From WTO to CPTPP, internal strengths and mindset have improved, economist says
16:09 | 28/01/2019
VGP – Today, Viet Nam’s foundations, including internal strengths, market economy mindset, role of the State and private sector are now “better and more solid” than 12 years ago when the country joined the World Trade Organization.

Viet Nam's GDP growth rates since 2007

 >>> Infographics: Figures show how VN has improved

Economist Pham Chi Lan made the above remarks at a recent exclusive interview with the Government Online Newspaper.

Joining the WTO was a big decision as it was taken after 10-year reform and Viet Nam was still on the way to shift from centrally planned to market economy, thus many of our regulations were not in accordance with the WTO’s regulations, Lan recalled.

It took 12 years for Viet Nam to officially become a member of the WTO but its WTO membership paved the way for the country proceed to sign an economic partnership agreement with Japan in 2008 and comprehensive partnership and cooperation agreement with the European Union in 2012, and even the Comprehensive and Progressive Agreement for Trans-Pacific Partnership (CPTPP), previously known as the Trans-Pacific Partnership (TPP).

Viet Nam initially joined the TPP talks as an observer in 2009 and officially became full participant in 2010 and has demonstrated great efforts, especially after the US withdrew from the trade deal. The economist said this is another good decision.

As a founding member of the CPTPP, Viet Nam has a favorable position in trading relations with other major partners. Especially, it has helped Viet Nam to boost a free trade agreement negotiations with the European Union, making Viet Nam the second Southeast Asian country to sign a free trade deal with the Union after Singapore.

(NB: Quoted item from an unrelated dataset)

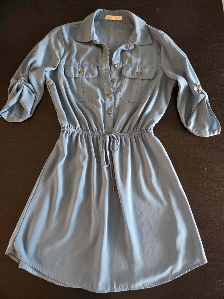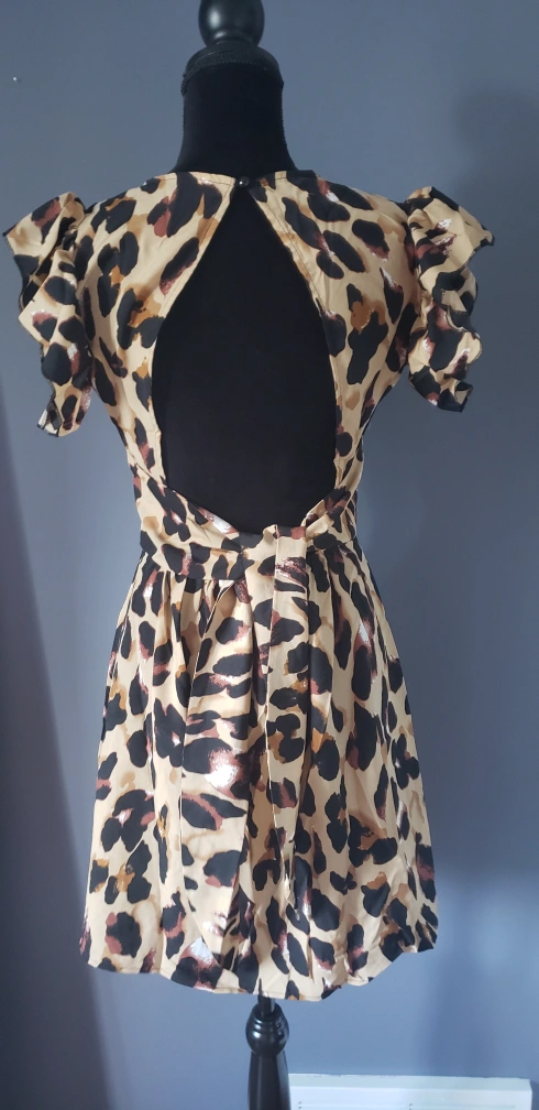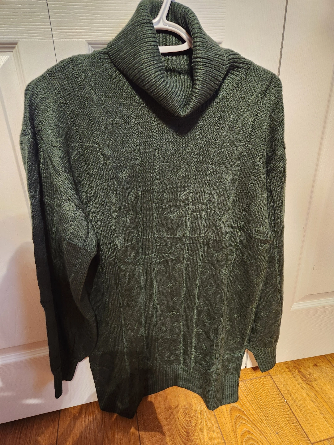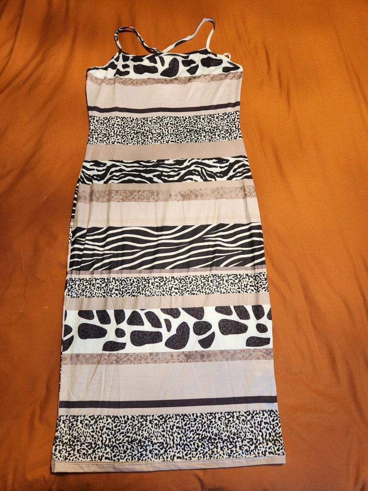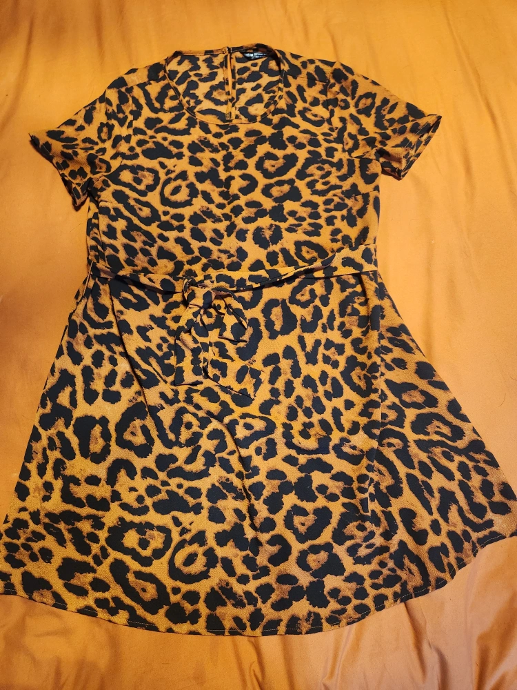 Includes a dark green cable knit turtleneck sweater (new), a leopard dress with belt, a light blue shirt dress (medium), animal print pink midi dress (new), black and white striped dress from Dynamite and a leopard dress with open back.

Accumulative investment capital of top ten foreign investors in Viet Nam in 2018.

The CPTPP and the Viet Nam-EU free trade agreement (EVFTA) would help Viet Nam to realize its long-term strategy on sustainable development on the basis of innovations and technologies, according to Lan.

Both the trade pacts contain high commitments on reform of economic institutions, thus they create both the driving force and pressure on Viet Nam. However, the commitments are in line with the country’s long-term reform process, in which institutional reform is regarded as one of the three breakthroughs.

Thanks to the Government’s efforts over the past three years, Lan expressed her belief that the system of Viet Nam’s economic institutions will be improved as expected in the next five or ten years.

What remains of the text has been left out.